Task prompt: For this exercise, retype each line of the material below verbatim and omit any picture.

Available data:
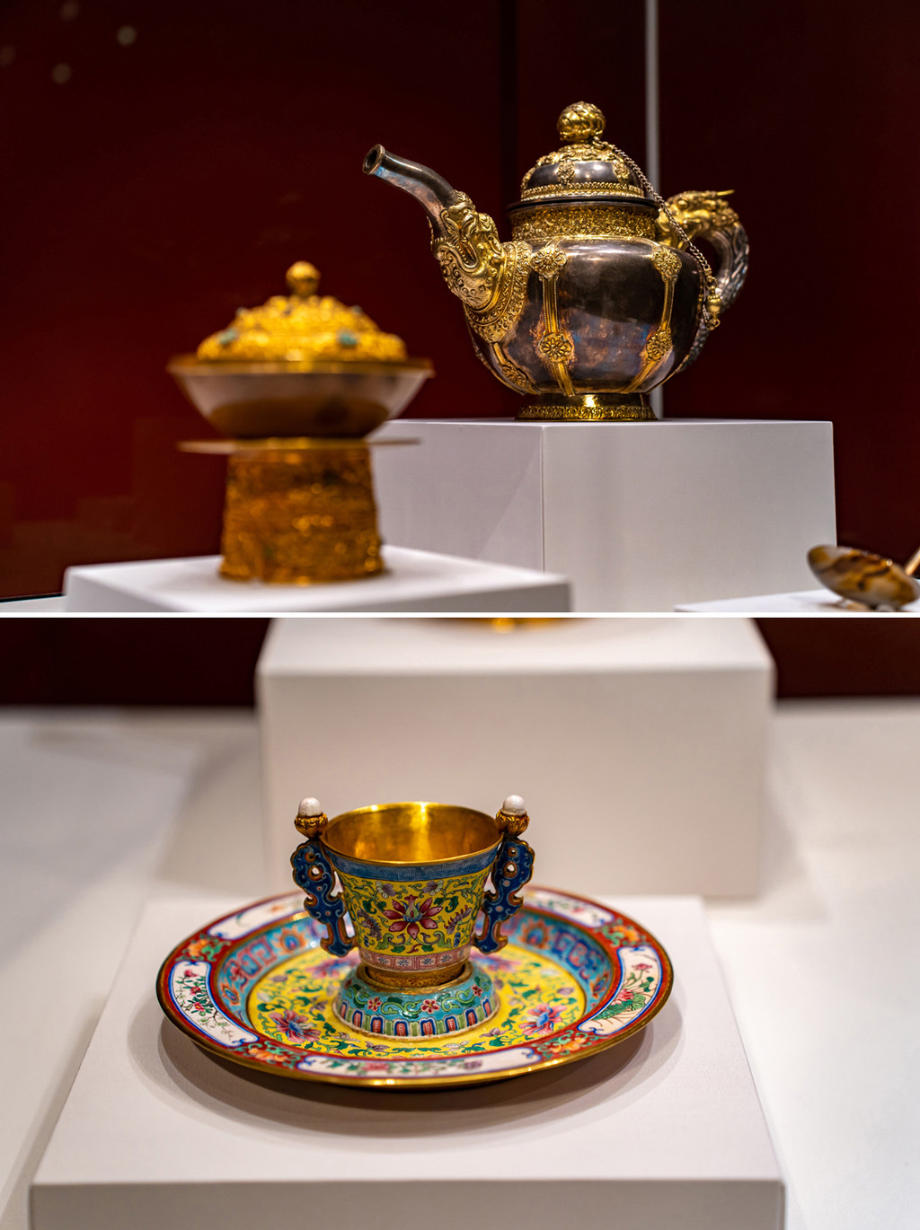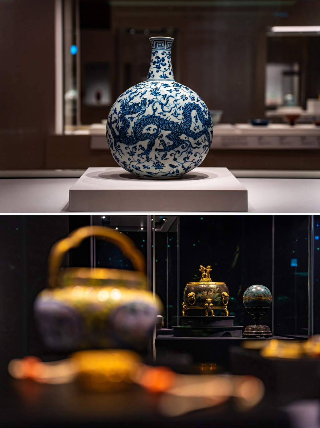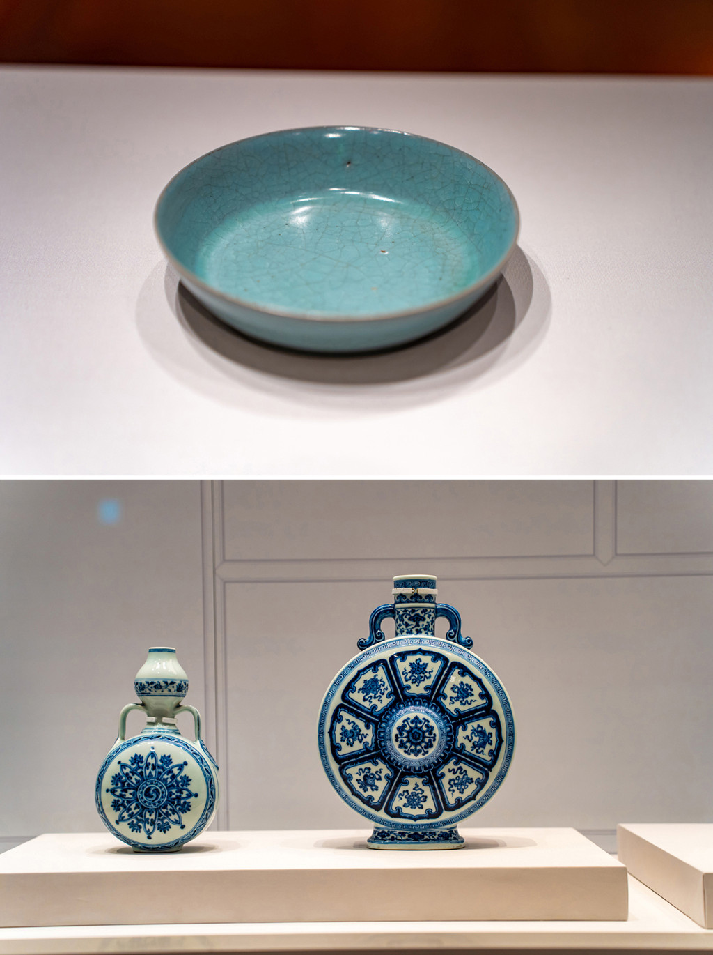 比如天青釉汝窑磁盘,可是价值动辄上亿元的珍宝。各种器型的青花瓷器,超高难度工艺的旋转纹玻璃瓶,和穿越千年而来的青铜器和羊脂玉器,各种金盘子金碗巧夺天工的文物数不胜数,确实大开眼界了。
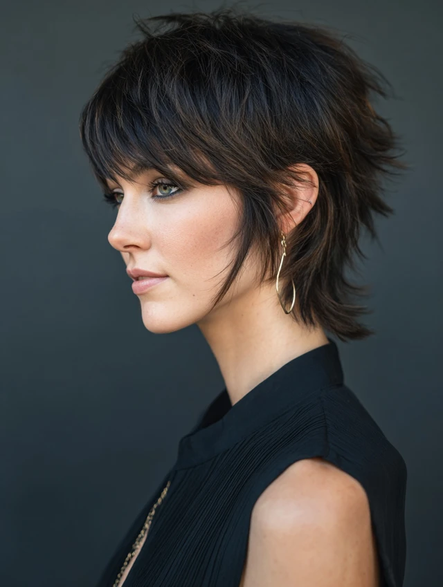 The short shag with bangs is a stylish haircut that blends textured layers with soft fringe for a relaxed, youthful look. This hairstyle is perfect for women who want volume, face-framing detail, and an effortless vibe that doesn’t require heavy styling.
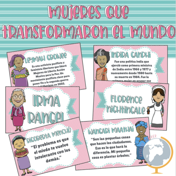 Puedes utilizarlos para realizar una cartelera interactiva, para pedirles a tus estudiantes que realicen una investigación sobre alguna de estas mujeres o para dialogar con ellos sobre las vidas de ellas y el cambio que ayudaron a realizar en la sociedad.
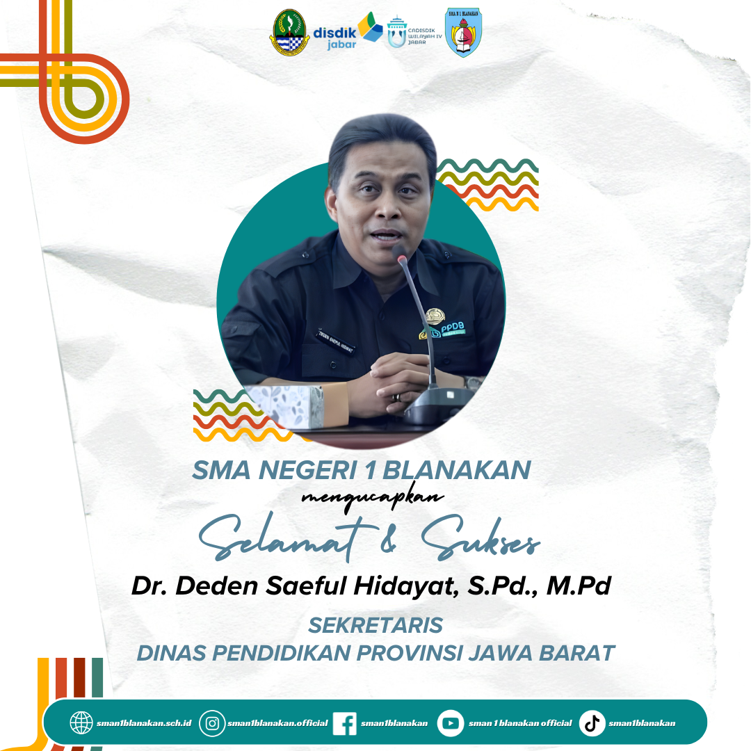 SMA Negeri 1 Blanakan mengucapkan Selamat & Sukses kepada Dr. Deden Saeful Hidayat, S.Pd., M.Pd. Sekretaris Dinas Pendidikan Provinsi Jawa Barat

Response to the task:
 比如天青釉汝窑磁盘,可是价值动辄上亿元的珍宝。各种器型的青花瓷器,超高难度工艺的旋转纹玻璃瓶,和穿越千年而来的青铜器和羊脂玉器,各种金盘子金碗巧夺天工的文物数不胜数,确实大开眼界了。
 The short shag with bangs is a stylish haircut that blends textured layers with soft fringe for a relaxed, youthful look. This hairstyle is perfect for women who want volume, face-framing detail, and an effortless vibe that doesn’t require heavy styling.
 Puedes utilizarlos para realizar una cartelera interactiva, para pedirles a tus estudiantes que realicen una investigación sobre alguna de estas mujeres o para dialogar con ellos sobre las vidas de ellas y el cambio que ayudaron a realizar en la sociedad.
 SMA Negeri 1 Blanakan mengucapkan Selamat & Sukses kepada Dr. Deden Saeful Hidayat, S.Pd., M.Pd. Sekretaris Dinas Pendidikan Provinsi Jawa Barat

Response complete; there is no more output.